Tilghman started a tradition while still at her old lab, at Fox Chase Cancer Center, where every time someone left to start a new job, she would invite him to a dinner at which she would cook him his meal of choice. Somewhere in the midst of spilling barbecue sauce on herself while attempting to grill ribs, Tilghman also made collages as goodbye gifts — with photographs of all the people the honored guest had ever crossed paths with in the lab.

"Everyone takes their collage and says, 'Can I see anyone missing,' and generally they can't," said Beverly Jones, who has worked with Tilghman for seven years.

While Tilghman's scientific background equipped her with skills necessary for her new job, many say that her career path also showed a trend towards administration.

Tilghman had assumed prominent positions on committees, and as soon as she became director of the Lewis-Sigler Genomics Institute, the project became her "favorite child," according to associate director of the Lewis-Sigler Institute and molecular biology professor Jim Broach.

It was not only the University Board of Trustees that observed the biologist's presidential potential. Tilghman acknowledged in an interview with Charlie Rose this summer that she had been asked to be a presidential candidate at other universities. But when asked which ones, she refused to specify.

While Tilghman continues to soak up the University with her "sponge," she has also begun using it to paint. Like President Goheen 44 years before her, though Tilghman came in the greenhorn among many veteran administrators, she has already started to give Nassau Hall a new color.

Tilghman is currently heading six administrative searches and has already chosen some of her own top lieutenants, such as Provost Amy Gutmann.

Darby surmised that once Tilghman felt acclimated to her new job, she would focus more on her goals, adding her own touch to the University's campus.


While on talk shows and in person Tilghman has elaborated most on projects begun under Princeton's last president, since the beginning of her term, items on her own agenda have slowly crept through.

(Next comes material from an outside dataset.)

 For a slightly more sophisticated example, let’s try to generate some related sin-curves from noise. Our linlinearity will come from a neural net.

Soon after the announcement that she had been chosen as president, Tilghman took her lab out to lunch at Prospect House and entertained a barrage of questions.

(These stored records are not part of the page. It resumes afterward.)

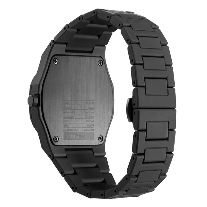 Le bracelet en polycarbonate noir est conçu pour offrir une ergonomie sans compromis. Sa structure légère et sa douceur au toucher garantissent un port agréable tout au long de la journée. La boucle déployante papillon assure non seulement une tenue sécurisée mais renforce également le confort, en s'intégrant naturellement à l'esthétique générale de cette montre. Adapté sur mesure, il assure une parfaite adaptabilité à votre poignet.
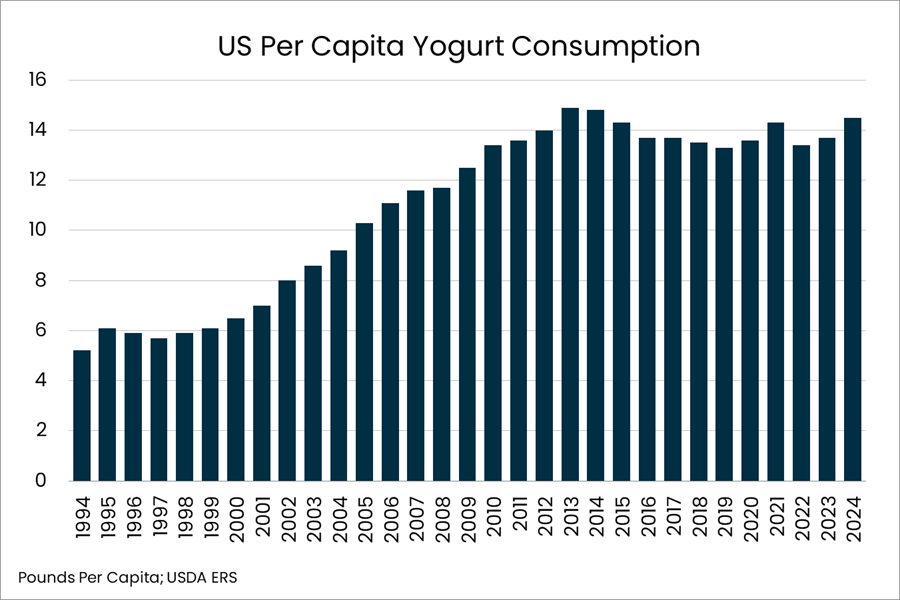 - Yogurt consumption continued its impressive growth, increasing to 14.5 pounds in 2024, a 6% increase from 2023.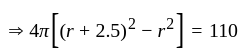 If the radius of a sphere is increased by decimetre (dm), then its surface area increases by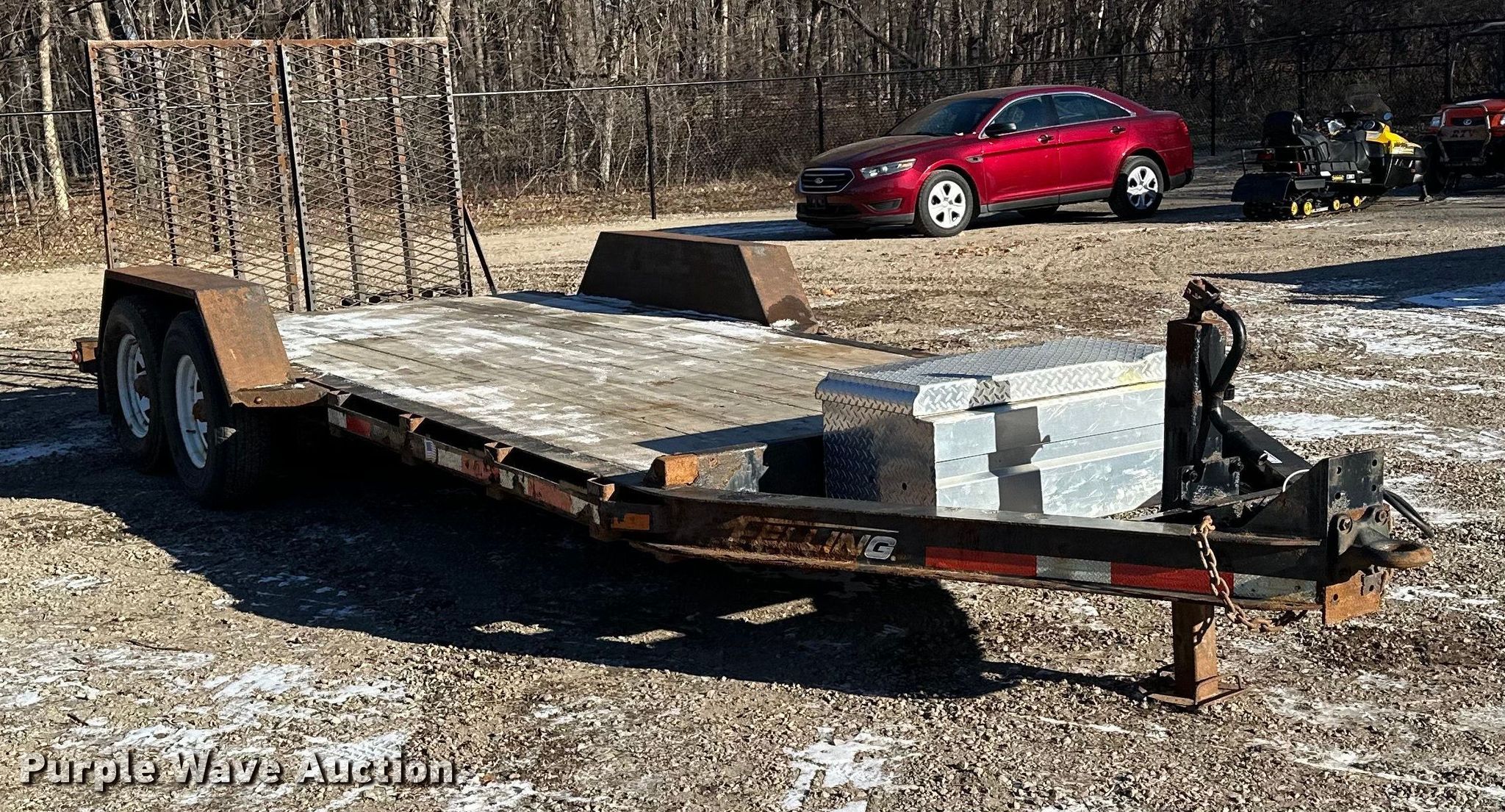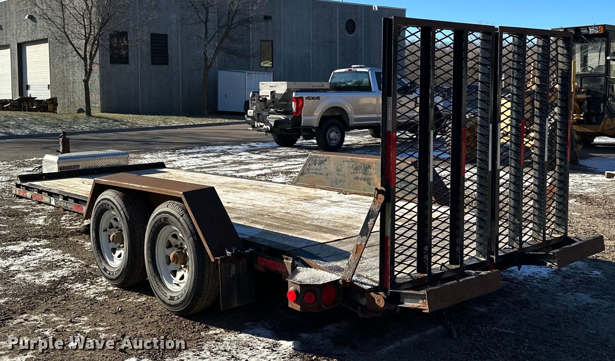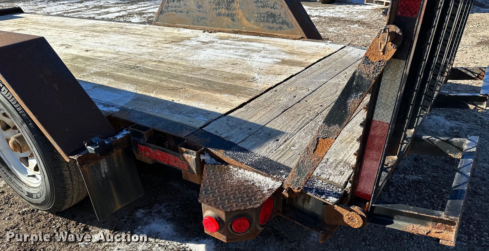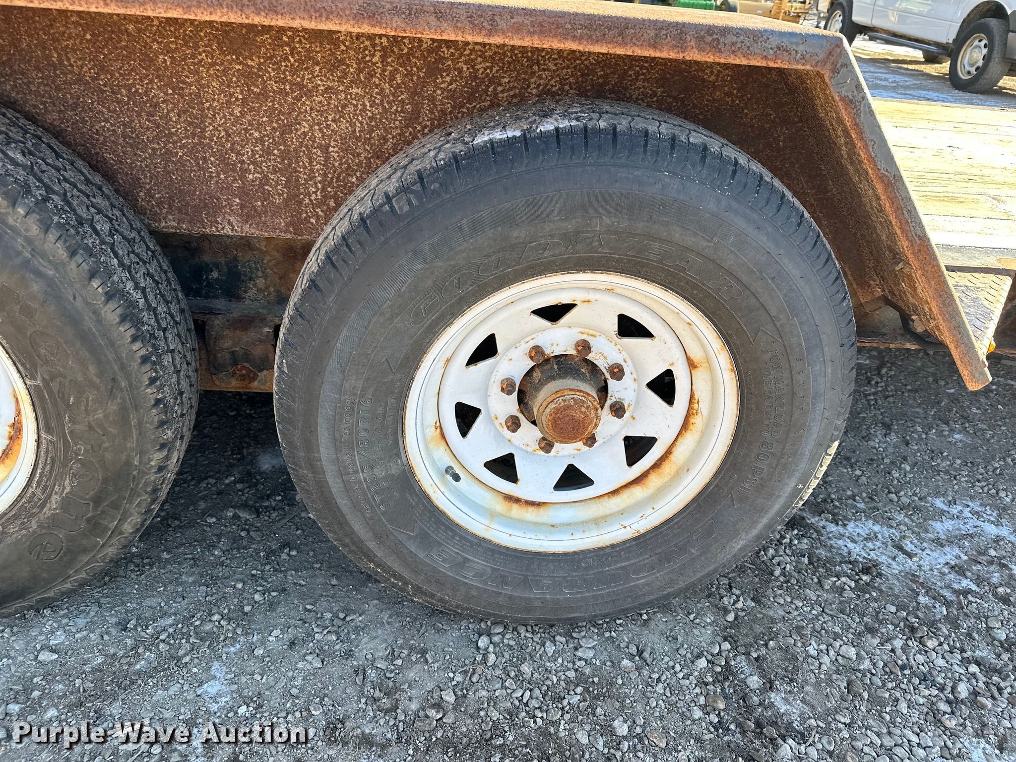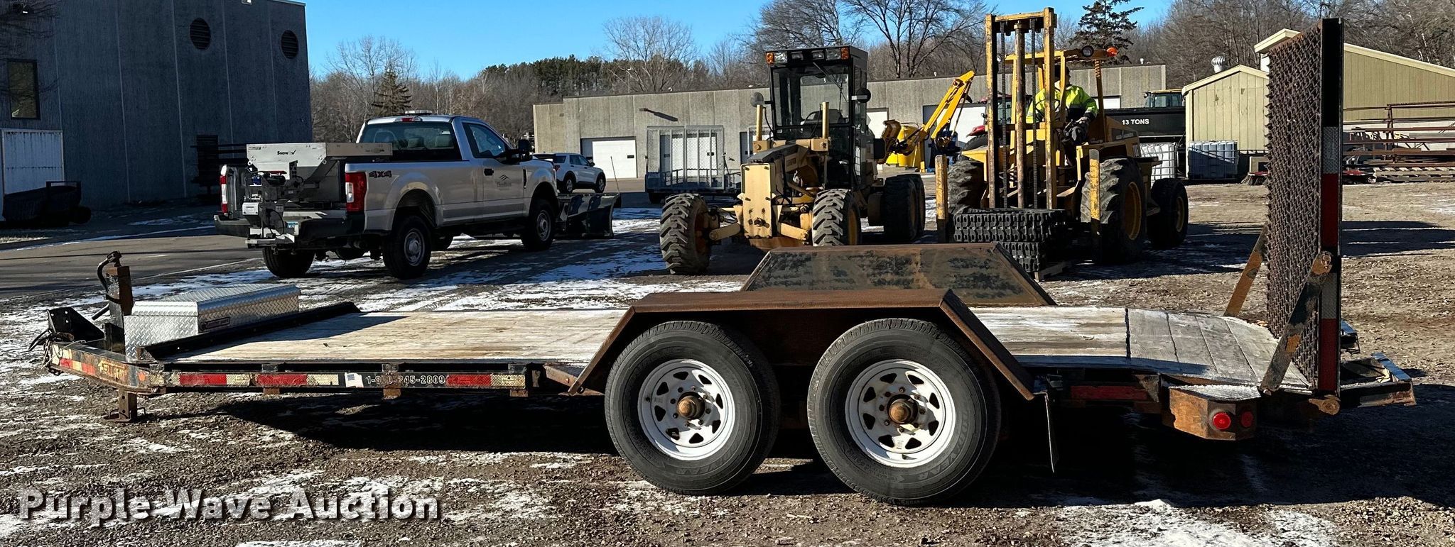 2013 Felling equipment trailer. VIN: 5FTEE1823D1041456. Dimensions Overall: 23' 7" L x 102" W, Deck: 16' 1" L x 81 1/2" W, Deck height: 1' 9", Tail length: 2' 3", Ramps: Manual Length: 4' 9". Features Deck type: Wood. Chassis Hitch: Pintle, Landing gear: Single, Suspension: Spring, Brakes: Electric, Axles: Tandem, GVWR: 12,000 lbs, GAWR: 6,000 lbs. Tires Steel wheels, Size: ST235/80R16. Notes Rear axle broken. Minnesota title. Title distribution may be delayed up to 14 days from verification of funds. Tree Rivers Parks. 2330 County Rd 19. Maple Plain, MN 55359

" 'Why would I be president if I didn't want to change stuff?' " Sarah Tyler '02 recalled Tilghman asking in response to a question about her aspirations. Michele Clery, a post-doc in Tilghman's lab, had just had her second child, and Tilghman talked about opening a day care center on campus.

Tilghman has other ideas about accommodating professors who are also parents.

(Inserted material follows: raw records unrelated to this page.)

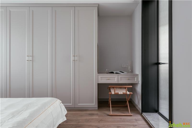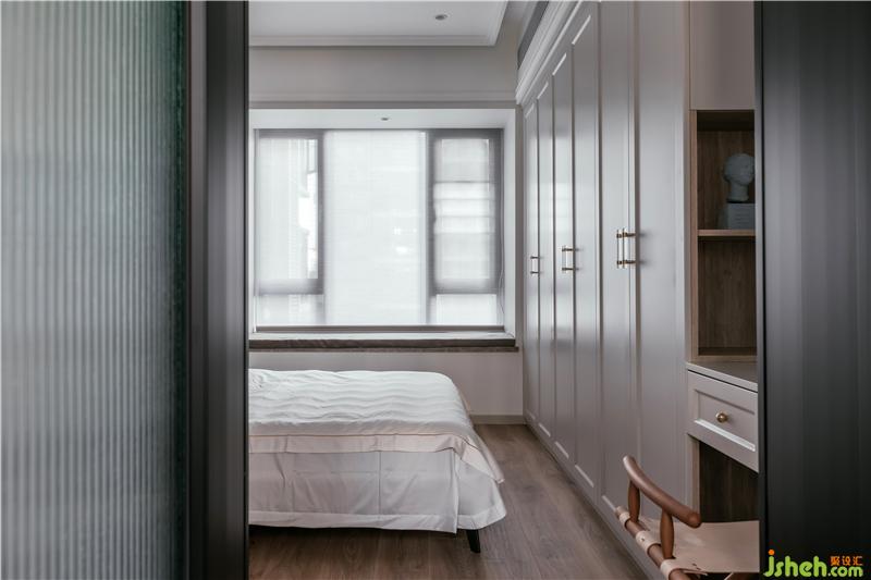 頂天立地的衣柜一氣呵成,營(yíng)造流暢的視覺(jué)效果,靠近陽(yáng)臺(tái)處設(shè)了一張懸空書桌,方便孩子晚間做功課和老人看報(bào)。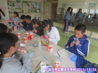 本校では、歯科医師からの進めもあって、イエテボリ方(フッ素の付着率を高めるための歯みがき方法)という歯みがきの仕方を取り入れるなど、歯みがき指導に力を入れています。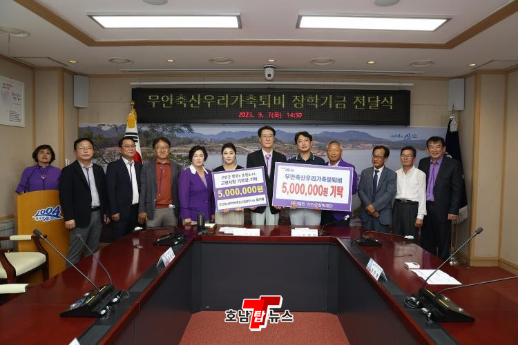 ¹«¾ÈÃà»ê¿ì¸®°¡ÃàºÐÅðºñ(´ëÇ¥ ÃÖ±âÈÞ) ÀÓ¿øµéÀº Áö³ 7ÀÏ ½Å¾È±ºÃ»¿¡¼ Áö¿ª ÀÎÀç À°¼ºÀ» À§ÇÑ ÀåÇбâ±Ý 500¸¸ ¿ø°ú °íÇâ»ç¶û±âºÎ±Ý 500¸¸ ¿ø, ÃÑ 1000¸¸ ¿øÀ» Àü´ÞÇß´Ù.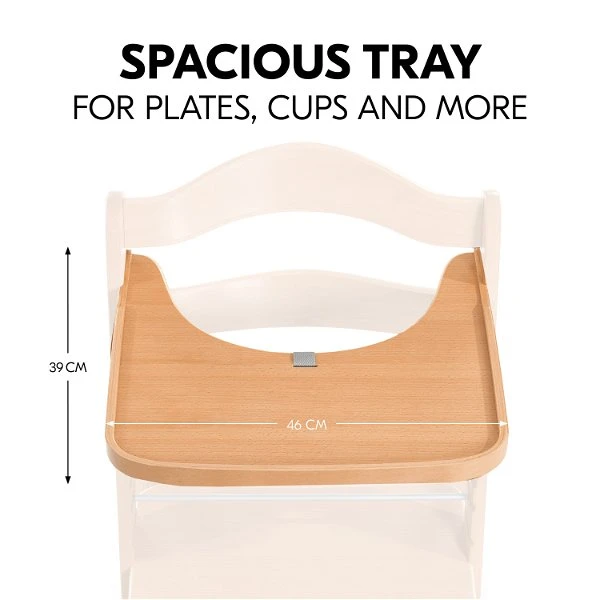 Dank robustem und widerstandsfähigem Material ist das Tablett am Kinderhochstuhl lange nutzbar. Der erhöhte Rand verhindert, dass Spielzeug einfach herunterfällt oder ausgeschüttete Getränke überlaufen. Zum Reinigen wischst du die glatte Oberfläche einfach mit einem Tuch und herkömmlichen Reinigungsmitteln sauber.

"Nothing is more difficult for parents than a snow day," Tilghman said with an air of experience. "It would be great if on a snow day we could have a 'Dillon Gym Day' — very simple things like that."

But while Tilghman — both veteran mother and scientist — could easily take her place behind a podium to insist that the community focus on feminism or shift its attention from the liberal arts, she has already established when it is appropriate to espouse her views on subjects with which she is less familiar.

In the past, Tilghman has never shied from making a public statement — calling for greater gender equality in the scientific community and writing to President Bush about his stance on stem cell research. But Tilghman said that her strong opinions will only extend as far as her sphere of knowledge.

"I feel confident speaking out on views where I'm a scholar — also speaking out on views of education," Tilghman said. But she added that there would be no reason to publicly espouse her views on an issue outside of her area of expertise.

But, of course, that area is slowly expanding.

"I'm feeling more confident than I was two months ago," said Tilghman several weeks ago, as she sat casually in her office in the Lewis Thomas Laboratory. "Though I still feel there's a huge amount for me to learn."

One could almost see Tilghman's dual emotion as she walked unflinchingly past the flash bulbs on Sept. 28, smile relaxed and enthusiastic, yet eyes wide at the new seat — a wooden throne — that awaited her on stage. And the sun, which seemed to shine down on the installation ceremony in celebration, also filtered through the trees as a scientist might see her new life, now refracted from one source off into many new directions.